Semperis comment on hospital cyberattack
June 2024 by Simon Hodgkinson, Strategic Advisor, Semperis
Simon Hodgkinson, Semperis Strategic Advisor comment the new hospital cyberattack
“Sadly, the latest cyberattack on Synnovis is having a significant impact on the delivery of clinical care in several Hospitals in London. Synnovis provide pathology services to several Hospitals and primary care providers in London.
This is an example of a cybercriminal attacking an organisation which is a critical supplier of healthcare services, creating major disruption and putting patients’ lives at risk. Whilst there is no evidence this was targeted at the NHS, it amplifies the importance of understanding the end-to-end supply chain, assuring suppliers have the appropriate security controls in place, and documented and tested recovery plans. All too often, this is assurance is delivered through questionnaires which is insufficient for critical suppliers.
However, it is not just suppliers, one must understand from the point of care, the processes and systems that enable the clinical outcome and ensure appropriate security measures are in place. At the very heart of the digital eco-system is the identity platform, and in 90%+ of organisations this is Active Directory (AD). Gaining control of AD (and hybrid identity platforms such as EntraID/Okta) is the target of most cybercriminals and yet in many organisations there are misconfigurations which are exploited by the criminals. I would encourage every organisation, however big or small to run Purple Knight. Purple Knight is a free tool, which assesses the security of your hybrid identity platform, and provides a prioritized list of issues with clear actions to improve the security posture.
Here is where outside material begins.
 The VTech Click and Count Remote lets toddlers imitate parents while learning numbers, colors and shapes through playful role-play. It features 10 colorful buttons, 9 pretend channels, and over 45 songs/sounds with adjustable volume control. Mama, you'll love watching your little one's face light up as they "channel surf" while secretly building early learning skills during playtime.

Ask your critical suppliers to run Purple Knight and share the results and action plan, rather than rely on a questionnaire!.
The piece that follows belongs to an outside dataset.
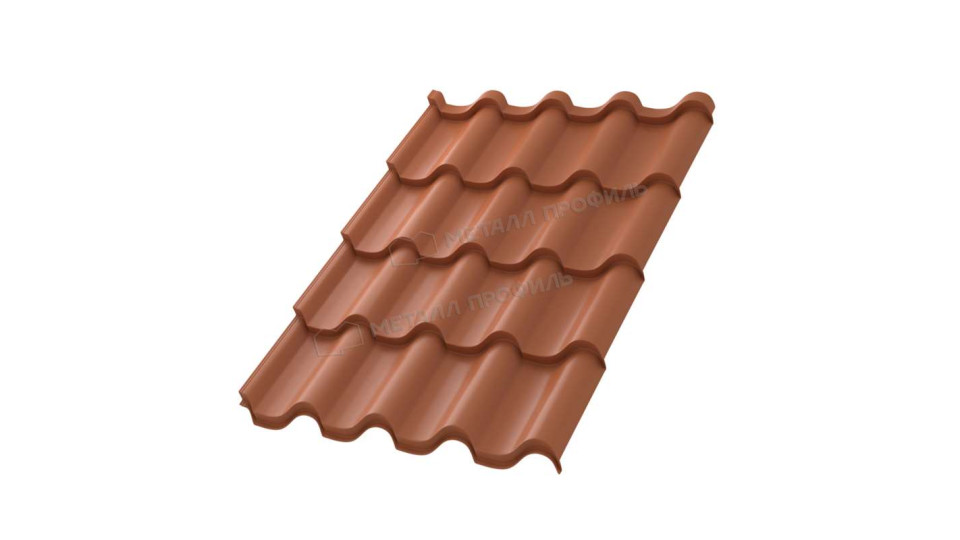 Металлочерепица Монтерроса-XL NormanMP PE-01 RAL 8004 «Терракотовый» — кровля для тех, кто хочет придать дому атмосферу солнечной Италии и подчеркнуть масштаб замысла настоящей “архитектурной поверхности”. Сочетание крупной волны XL-профиля, жизнерадостного терракотового оттенка и максимальных габаритов листа станет выигрышным акцентом и для стильного коттеджа, и для крупного загородного объекта.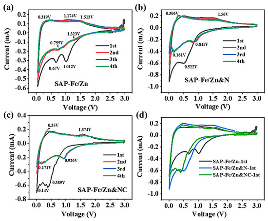 (a) Cyclic voltammetric curve of SAP-Fe/Zn electrode; (b) cyclic voltammetric curve of SAP-Fe/Zn&N electrode; (c) cyclic voltammetric curve of SAP-Fe/Zn&NC electrode; (d) comparison of the first-cycle voltammetric curves of SAP-Fe/Zn, SAP-Fe/Zn&N, and SAP-Fe/Zn&NC electrodes.

Finally, organisations must have robust and realistic business continuity plans (BCP) to minimize disruption to critical services whilst the technology is recovered. In my experience, those organisations without documented and tested plans under-estimate the time to recover services and as a result the continuity plans are unrealistic.
As always, the NHS, NCSC and suppliers will deal with this situation and ensure they do their utmost to minimize the disruption to patient care. We are so fortunate to have such wonderful mission-oriented people – thank you!”